# Problem
Please, could you print all the lines below exactly, leaving out the pictures?

# Saved data entries
= = = = = = =

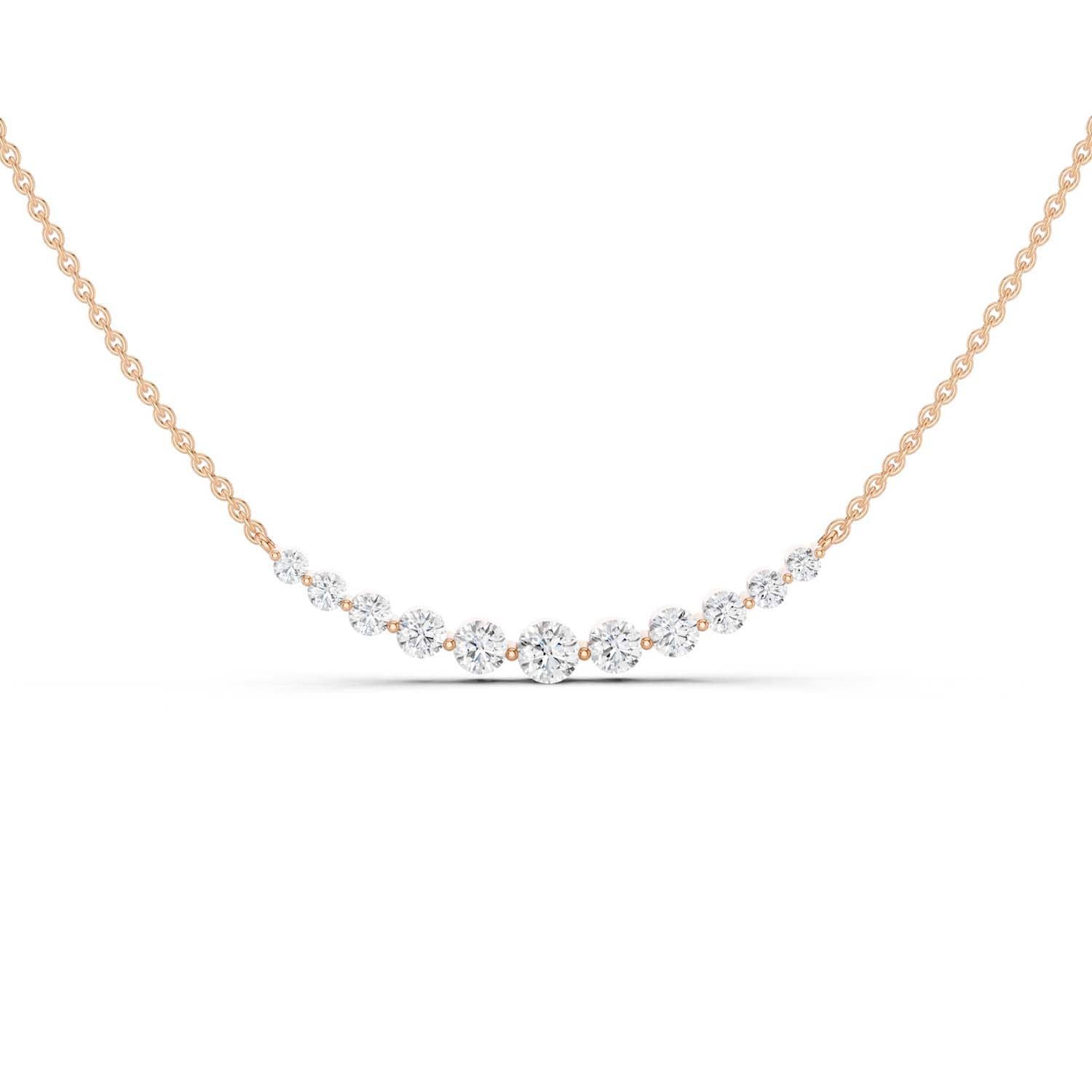 Our Captivating Necklace is an embodiment of timeless beauty. Crafted meticulously, this masterpiece showcases an enchanting row of eleven ethically sourced diamonds. Its widespread design transcends trends, serving as a daily jewelry staple and reminder of the brilliance within each of us.
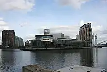 At the core of the complex are two theatres and a drama studio. The Lyric Theatre has 1,730 seats while the Quays has 466.[3] The theatres host touring plays, comedy and musical events and Opera North.[18] The Lyric Theatre has the largest stage in the United Kingdom outside London's West End.[5] It played host to the 2011 Royal Variety Performance.[19]
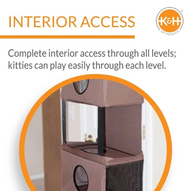 - The multi-level cat tower is designed with mesh windows and multiple peepholes, so your cat can take in all the views.
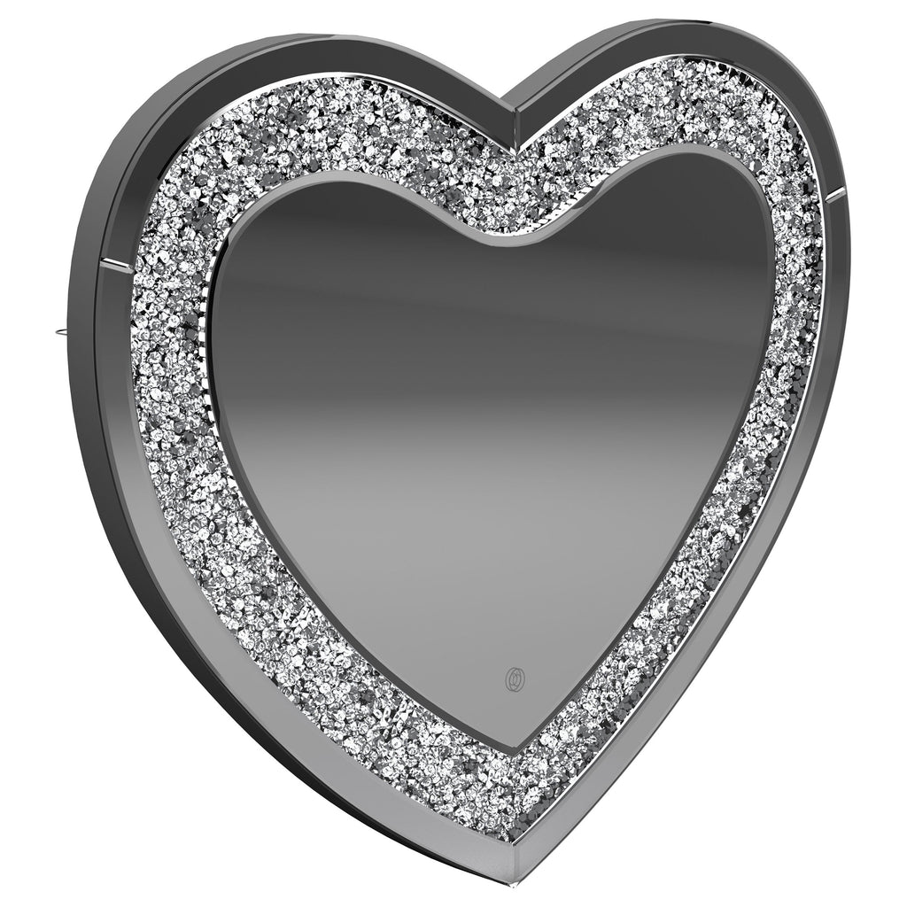 This heart-shaped wall mirror adds sparkle and function to glam-inspired spaces. Framed with mirrored glass and outlined by faceted acrylic crystal inlay, it delivers high-shine appeal. Integrated LED lighting enhances visibility for makeup, grooming, or daily routines. Designed for wall mounting, this decorative mirror combines charm and practicality—ideal for bedrooms, vanities, or dressing areas needing both style and illumination.
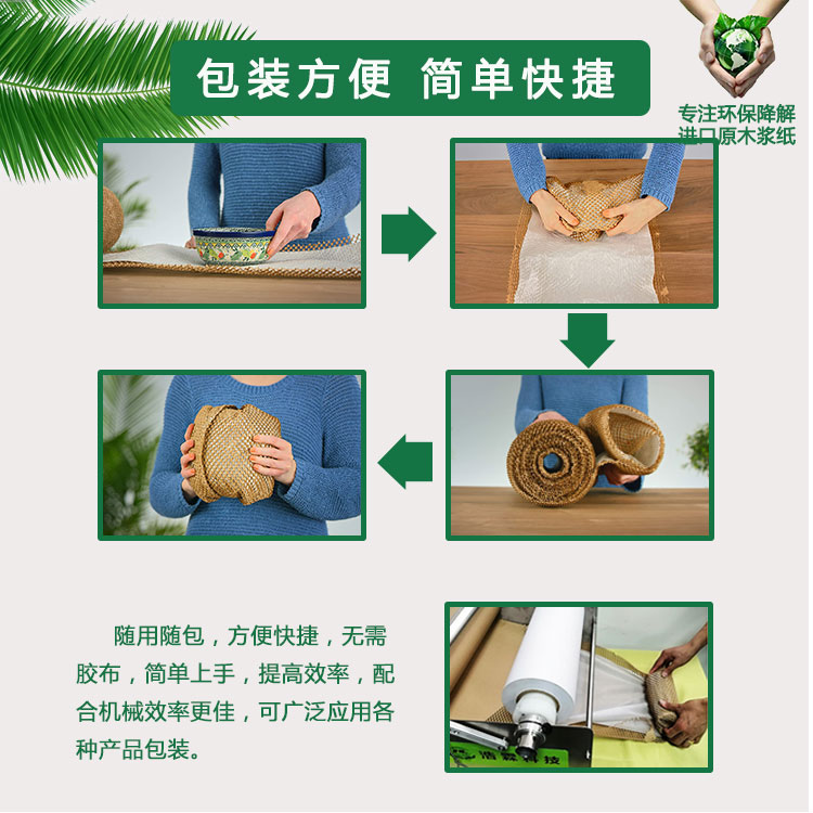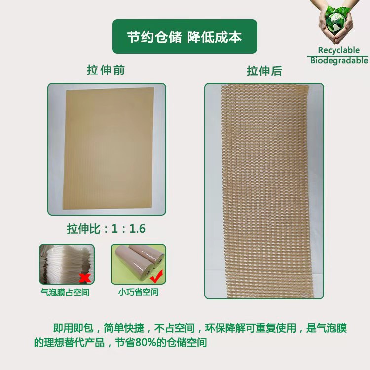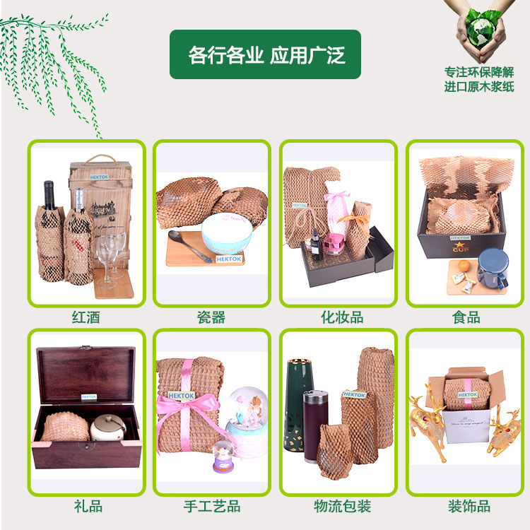 我们专注环保包装材料、蜂窝包装纸,各类缓冲包装材料等产品为广大客户群提供“以纸代塑”的包装改革方案,产品可以再循环利用,或是在自然界中降解;可以按需生产不同规格和颜色的片材、卷材、制袋和个性化设计包装,为客户量身定制适用高品质的产品。
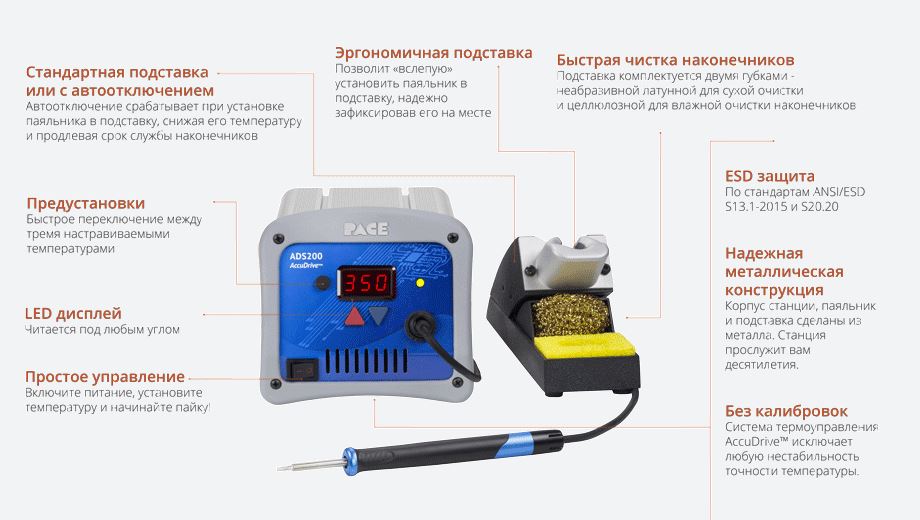ADS200 - мощная, но недорогая профессиональная цифровая паяльная станция. Она подойдёт мастеру по ремонту сотовых телефонов и компьютерной техники, разработчикам электроники, ремонтным инженерам, любителей и профессиональных монтажников.
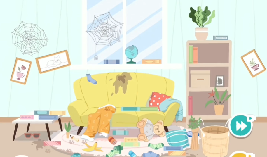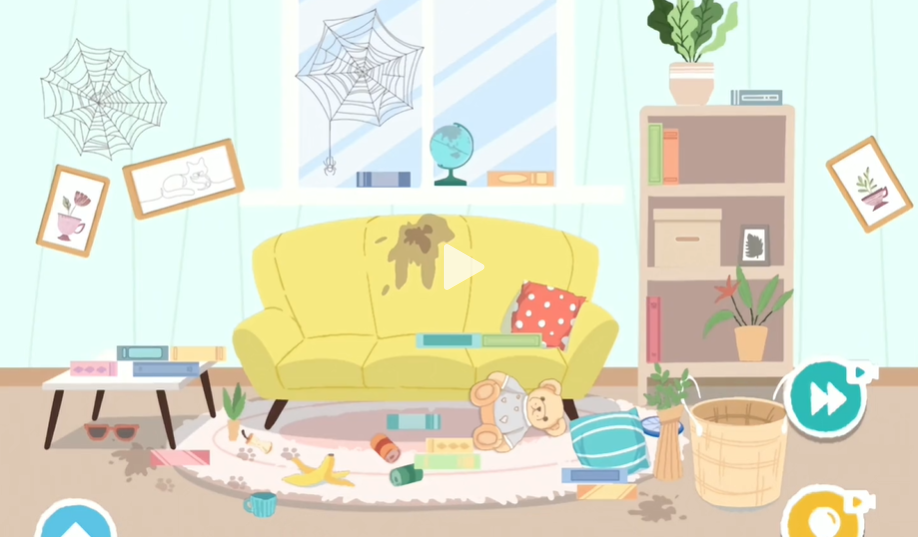 1、这一关要收拾的东西比较多,蜘蛛网,污渍、垃圾、娃娃、书本等各种物品都是需要玩家来完成的,其中的过程也是比较繁琐的。
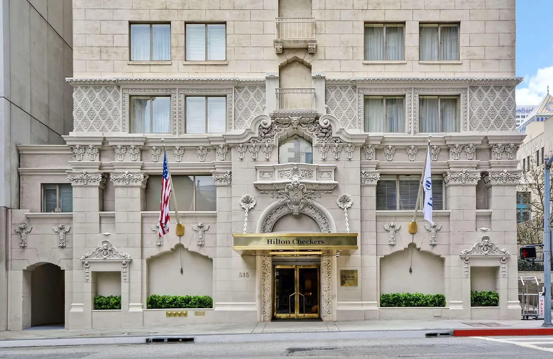 Hilton Checkers Los Angeles, a 3-star hotel with a 7.7/10 rating, offers notable amenities including a rooftop terrace with skyline views of downtown LA and Checker's Restaurant. This historic property features Art Deco-inspired architecture in the Financial District.

= = = = = = =

# Solution
 Our Captivating Necklace is an embodiment of timeless beauty. Crafted meticulously, this masterpiece showcases an enchanting row of eleven ethically sourced diamonds. Its widespread design transcends trends, serving as a daily jewelry staple and reminder of the brilliance within each of us.
 At the core of the complex are two theatres and a drama studio. The Lyric Theatre has 1,730 seats while the Quays has 466.[3] The theatres host touring plays, comedy and musical events and Opera North.[18] The Lyric Theatre has the largest stage in the United Kingdom outside London's West End.[5] It played host to the 2011 Royal Variety Performance.[19]
 - The multi-level cat tower is designed with mesh windows and multiple peepholes, so your cat can take in all the views.
 This heart-shaped wall mirror adds sparkle and function to glam-inspired spaces. Framed with mirrored glass and outlined by faceted acrylic crystal inlay, it delivers high-shine appeal. Integrated LED lighting enhances visibility for makeup, grooming, or daily routines. Designed for wall mounting, this decorative mirror combines charm and practicality—ideal for bedrooms, vanities, or dressing areas needing both style and illumination.
 我们专注环保包装材料、蜂窝包装纸,各类缓冲包装材料等产品为广大客户群提供“以纸代塑”的包装改革方案,产品可以再循环利用,或是在自然界中降解;可以按需生产不同规格和颜色的片材、卷材、制袋和个性化设计包装,为客户量身定制适用高品质的产品。
ADS200 - мощная, но недорогая профессиональная цифровая паяльная станция. Она подойдёт мастеру по ремонту сотовых телефонов и компьютерной техники, разработчикам электроники, ремонтным инженерам, любителей и профессиональных монтажников.
 1、这一关要收拾的东西比较多,蜘蛛网,污渍、垃圾、娃娃、书本等各种物品都是需要玩家来完成的,其中的过程也是比较繁琐的。
 Hilton Checkers Los Angeles, a 3-star hotel with a 7.7/10 rating, offers notable amenities including a rooftop terrace with skyline views of downtown LA and Checker's Restaurant. This historic property features Art Deco-inspired architecture in the Financial District.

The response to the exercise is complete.